# PHP-Objekt in MySQL-Datenbank speichern



## redX (18. Juni 2006)

Ich muss Objekte in der Datenbank abspeichern. Nun, das Serialisieren sollte nicht so ein Problem sein. Kann ich den Stream nun aber einfach in die Datenbank schreiben? Und welcher Feld Typ sollte man aber dafür nehmen?

Gruss
X


----------



## tobee (18. Juni 2006)

Wenn *ich* mir nicht sicher bin wie lang der Inhalt eines Feldes werden kann nehm ich meistens den TEXT Typ. 
Wenn es nicht so lang wird VARCHAR (250).

Tobee


----------



## Christian Fein (18. Juni 2006)

Er spricht von serialisieren.
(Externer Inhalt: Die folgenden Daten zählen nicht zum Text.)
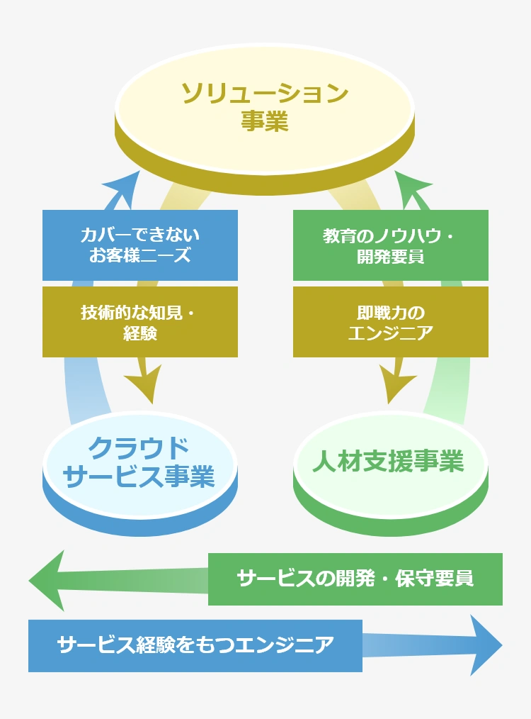 ソリューション事業、クラウドサービス、人材支援事業の3つの柱を互いに補完しあうことで、お客様に最高の付加価値を提供します。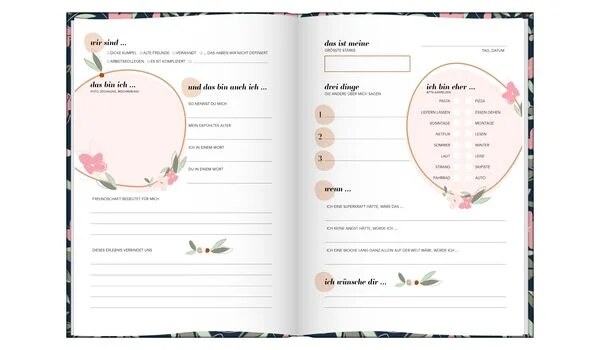 Mit dem liebevoll gestalteten Freundebuch für Erwachsene kannst Du Deine besten Freund:innen nochmal ganz neu kennen lernen. Einfach ausfüllen lassen und in Erinnerungen schwelgen!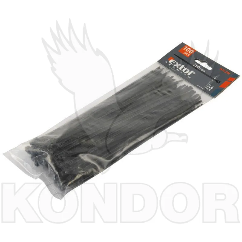 Pásky stahovací černé 380 x 4,8 mm z nylonového materiálu, 100 ks v balení.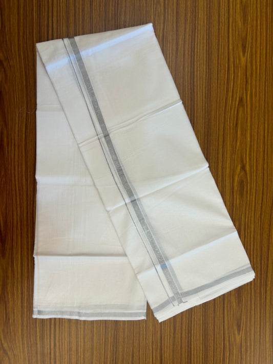 20% Discount ! Kaitharikada Balaramapuram 100% Cotton Pure White Double Mundu/Dothi - 100x80 - 1 inch Silver Kasav Striped Kara 4 mtr (8.5 muzham) - 33 KK5255 VAS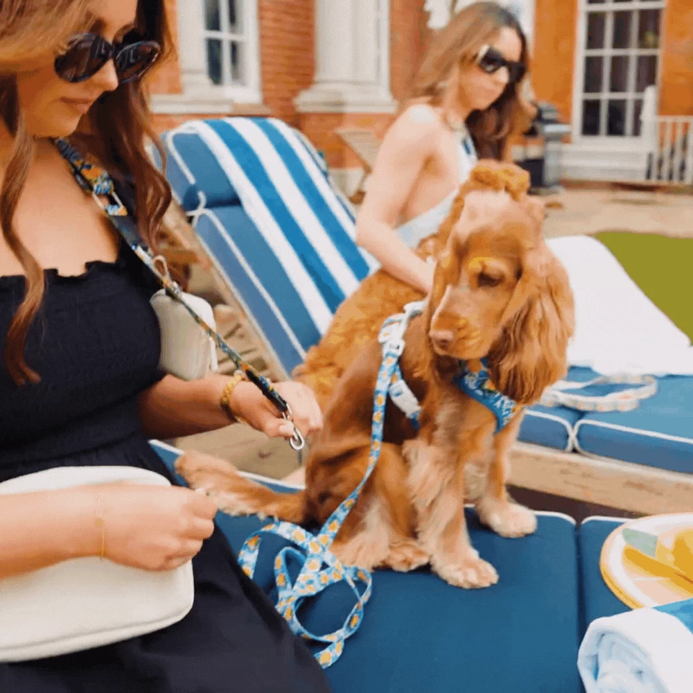 Add a splash of sunshine to your dog walking routine with our Amalfi Lemon Bag Strap! This vibrant yellow strap will brighten up any summer walk with your furry friend. Say goodbye to boring bag straps and hello to a dose of summer every time you take your pup out for a stroll.

Da wird mann mit Text nicht weit kommen 

BLOB heisst der Typ.


----------



## redX (18. Juni 2006)

Danke dir. Reicht der normale blob oder brauche ich einen grösseren?

Gruss
X


----------



## RS9999 (18. Juni 2006)

Die gewünschte Information findest Du hier.


----------



## redX (18. Juni 2006)

Ich weiss schon wie gross Speicher von Blob ist. Nur weiss ich nicht wie viel serialize liefert. Deshalb war ich mir auch nicht sicher ob das ins PHP oder ins Datenbankforum gehört... 

Gruss
X


----------